Ask HN: Dealing with a crush at work - navs

I work at and partially own a company that builds websites. My office environment is filled with photographers and designers with me being the only developer. It's easy to feel out of place in such a work environment, especially when you're the kind of person that finds it difficult to interact with others. Lately, I've found myself falling for a lady at work. She shares similar interests and we've had some long chats. Unfortunately, she works for me. It's made things difficult for me at the office and has been negatively affecting my productivity. I both loath and love going into work but not for the right reasons.<p>While we're not necessarily a tech startup, we are focused on making cool things in the digital magazine arena here in New Zealand. I feel this entitles me to post on HN and ask for some advice. Surely, we developers and entrepreneurs have faced a similar problem at work? What can I possibly do?
======
HedgeMage
Direct your attentions elsewhere.

Mixing business and romance is in itself very difficult to pull off without a
massive explosion of drama that hurts everyone involved and spares shrapnel
for those who just happen to be nearby. Add in the employer/employee dynamic,
and we're talking at best a ton of work to try (and usually fail) to mitigate
the power imbalance, and at worst a sexual harassment lawsuit.

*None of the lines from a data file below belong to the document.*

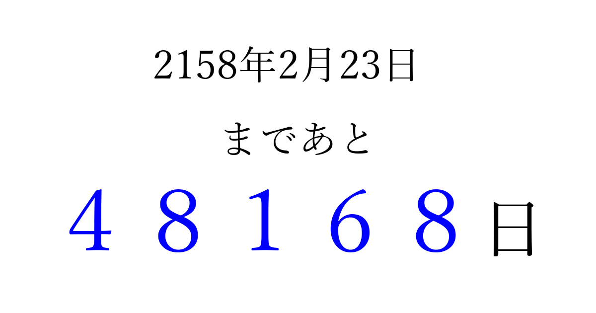 2158年2月23日(木)まで あと 99999 日です 追加すると、トップページからすぐ選べるようになります ※2026/04/08現在の結果です。 最新の状態に更新する ↓シェアして、タイムライン上にカウントダウンを表示しよう!↓ 📤 この結果を共有する Tweet シェア Threads Bluesky 別の日付でカウントダウン 2158年2月のカレンダー このページをブックマークに追加すると、いつでもカウントダウンを確認できます。 (PC: Ctrl+D / Mac: ⌘+D) hitome-notes.comでは以下のページも運営しています。 指定日と期間から日付を計算 | ガチャ確率計算・シミュレーション | プライバシー・ポリシー 運営者:Avocado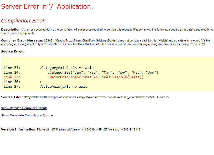 Getting a YSOD on any chart with a MajorGridLines(lines => lines.Visible(false)) in it, running the supplied demo app causes issue also, all other dataviz control work fine.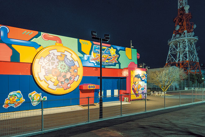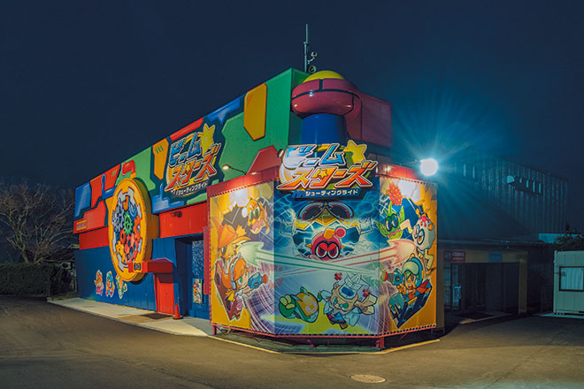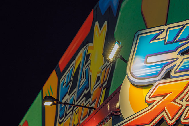 新アトラクションのライトアップについては、電球色の「レディオック フラッド スポラート」と「レディオック フラッド ネオ」でカラフルな入口付近を照らしつつ、昼白色の「レディオック フラッド ネオ」で施設全体を魅力的に照らし出すライトアップを行っています。
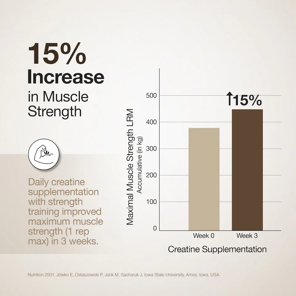 By replenishing ATP levels, creatine improves your ability to train harder and longer. It’s one of the few supplements that consistently improves strength, sprint capacity, and muscular endurance.

You've described yourself as someone who finds it difficult to interact with
others. You find yourself falling for someone in a situation where you
couldn't help but interact with her. In other words, your hindbrain is
screaming "take the easy way out!".

I get it... our society makes the location, selection, and courting of mates
difficult and extremely high-risk for heterosexual males. It's dysfunctional,
and it needs to stop. Women are trained almost from birth in a set of
behaviors and expectations that hamstring you at every turn, and yet most feel
powerless in a situation that can be just as frustrating for them.

Learn to be more effective in finding and wooing mates in a situation where
you aren't mixing different relationship types, and do your best to step out
of the expected patterns. When you aren't reacting to a self-imposed scarcity,
passing attractions won't be such a big deal, they'll just pass.

\--Susan

P.S. -- Yes, I know I just made all of that sound far easier that it is. It's
not easy, but it does work if you go about it right. I know this because I
tend to send my male friends and partners into the world far more capable at
selecting and wooing interesting women than they were when I found them. It's
just another skill to learn.

------
geoffw8
Hey - play it safe. Company relationships can be tough, and if you think your
not the type that could maybe handle all outcomes (you know, flit if off
confidently and play the game as it were) just be mindful of the consequences
should things go wrong.

But look, your human, if theres a pretty girl and you guys have the same
interests certainly continue to do what your doing. You'd be doing you and
humanity a dis justice if you just "stopped" talking to her, or stopped any
consideration of what "could happen".

I think if I was you I would wind it up to the point where you are both
certain what you would like to do next, and just go with the flow.

(...or just fire her! ...joking of course!)

Enjoy

------
tzaman
You should let her know what you feel, talk about it and together decide what
to do next. You only have a problem if the feeling is not mutual.

My wife is also my employee and we had no problems whatsoever.

------
dpio
If you go further with this then one of you has to leave. Most likely her, but
only because you own the company, of course.